Dalam studi-studi sejarah politik Islam, penggunaan istilah imam lebih populer di kalangan umat Islam Syi„ah. Bahkan hingga saat ini, penggunaan kata imam masih populer digunakan untuk  memberikan atau menyebut tokoh-tokoh keagamaan mereka. Hal ini dikarenakan dalam tradisi Syi„ah, Imam adalah suatu yang sakral, karena itu,  ia sebagai salah satu dasar agama. Pengangkatannya pun berdasarkan wasiat melalui nash syariat serta menempatkannya pada posisi sebagai pengganti Nabi. Kedudukan imam dalam pandangan Syi„ah, di samping berfungsi sebagai pemimpin spiritual yang sakral juga berfungsi sebagai pemimpin politik. Walau teori imamah itu dikembangkan oleh Syi„ah, namun sebetulnya tradisi penggunaan kata imam juga digunakan dalam tradisi sunni, misalnya pada khalifah-khalifah Abbasiyah. Mereka juga menggunakan gelar imam. Banyak analisis yang dikemukakan oleh para pemerhati politik Islam tentang penggunanaan imam dalam sejarah politik sunni. Menurut para pemerhati politik Islam, penggunaan ini terkait dengan setting sosial-historis yang mempunyai tujuan politis, yaitu untuk membendung pengaruh politik Syi„ah  di dunia  Islam  saat  itu. Untuk keperluan itu, maka para juris sunni pun menggunakan istilah-istilah imam dan imamah dalam pembahasan doktrin politik mereka sebagai strategi menghadapi doktrin Syi„ah.[6]Imamah dalam konsep syi‟ah terdiri dari tiga hal pengertian :

1.   Imamah mengandung arti sebagai pemimpin masyarakat.
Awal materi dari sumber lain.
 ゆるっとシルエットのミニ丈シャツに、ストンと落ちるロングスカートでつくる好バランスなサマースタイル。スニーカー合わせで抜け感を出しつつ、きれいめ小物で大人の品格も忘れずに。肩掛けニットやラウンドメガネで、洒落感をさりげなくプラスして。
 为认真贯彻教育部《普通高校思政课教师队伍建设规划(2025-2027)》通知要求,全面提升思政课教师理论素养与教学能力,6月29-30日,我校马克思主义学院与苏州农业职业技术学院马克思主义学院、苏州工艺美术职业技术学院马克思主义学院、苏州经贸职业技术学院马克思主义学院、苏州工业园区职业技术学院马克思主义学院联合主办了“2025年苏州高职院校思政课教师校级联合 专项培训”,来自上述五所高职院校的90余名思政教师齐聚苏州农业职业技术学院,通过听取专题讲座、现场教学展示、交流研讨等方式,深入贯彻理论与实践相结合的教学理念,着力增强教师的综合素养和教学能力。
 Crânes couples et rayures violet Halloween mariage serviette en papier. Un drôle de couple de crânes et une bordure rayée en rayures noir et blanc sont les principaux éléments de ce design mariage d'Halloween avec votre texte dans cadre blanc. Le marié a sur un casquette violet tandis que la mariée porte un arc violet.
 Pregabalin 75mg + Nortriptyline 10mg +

Dalam hal ini Syi‟ah mempertanyakan siapa pemimpin masyarakat sepeninggal Nabi. Syi‟ah mengatakan bahwa Nabi sendiri telah menunjuk penerusnya dan mengumumkan bahwa sepeninggal dirinya Imam Alilah yang memegang kendali urusan kaum Muslim.
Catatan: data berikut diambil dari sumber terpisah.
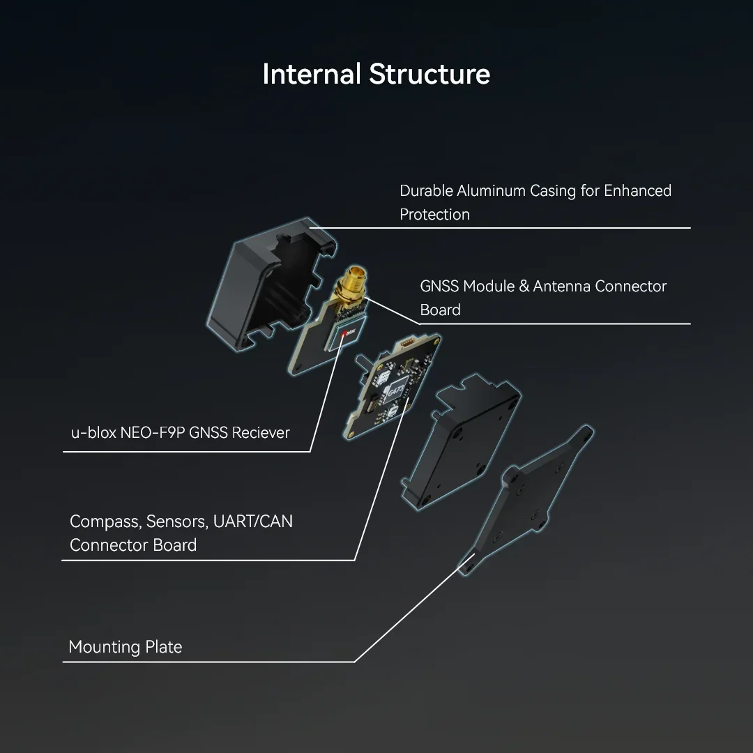 Es unterstützt den gleichzeitigen Empfang von GPS (L1 & L5), GLONASS, Galileo, BeiDou und QZSS-Signalen und bietet flexible Konnektivität in sowohl UART- als auch DroneCAN-Optionen. Die DroneCAN-Version enthält einen MCU, IMU und Barometer, die eine robuste Kommunikation und nahtlose Integration für fortschrittliche UAV-Systeme ermöglichen.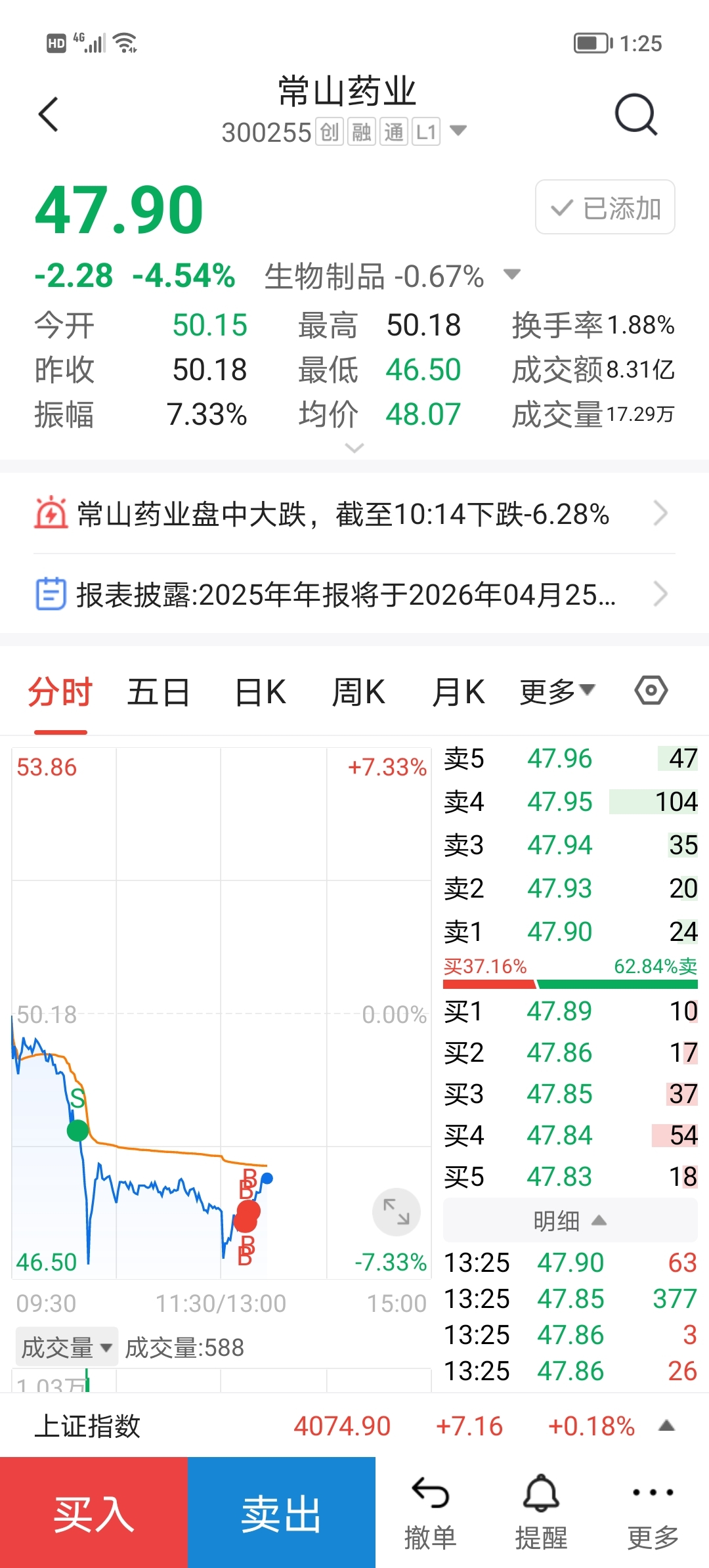 $常山药业(SZ300255)$ 苟,,,庄。下午千万别再打下来。奶的逼的。

2.   Imamah mengandung arti otoritas keagamaan. Imamah merupakan spesialisasi dalam Islam, suatu spesialisasi yang luar biasa dan ilahiah, yang jauh di atas derajat spesialisasi yang dapat dicapai mujtahid. Para imam adalah pakar dalam Islam. Pengetahuan istimewa mereka mengenai Islam  bukan  didapat dari akal pikiran mereka sendiri yang bisa saja salah. Mereka menerima pengetahuan dengan cara yang tak diketahui.

3. Imamah mengandung arti wilayah. Dalam ajaran Syiah, pengertian ini sangat dititikberatkan. Masalah wilayah menurut Kaum Syi‟ah dapat disamakan dengan masalah manusia sempurna dan penguasa zaman.Kaum Syi‟ah mengakui eksistensi wilayah dan imamah dalam pengertian ini, dan percaya bahwa imam memiliki roh universal.[7]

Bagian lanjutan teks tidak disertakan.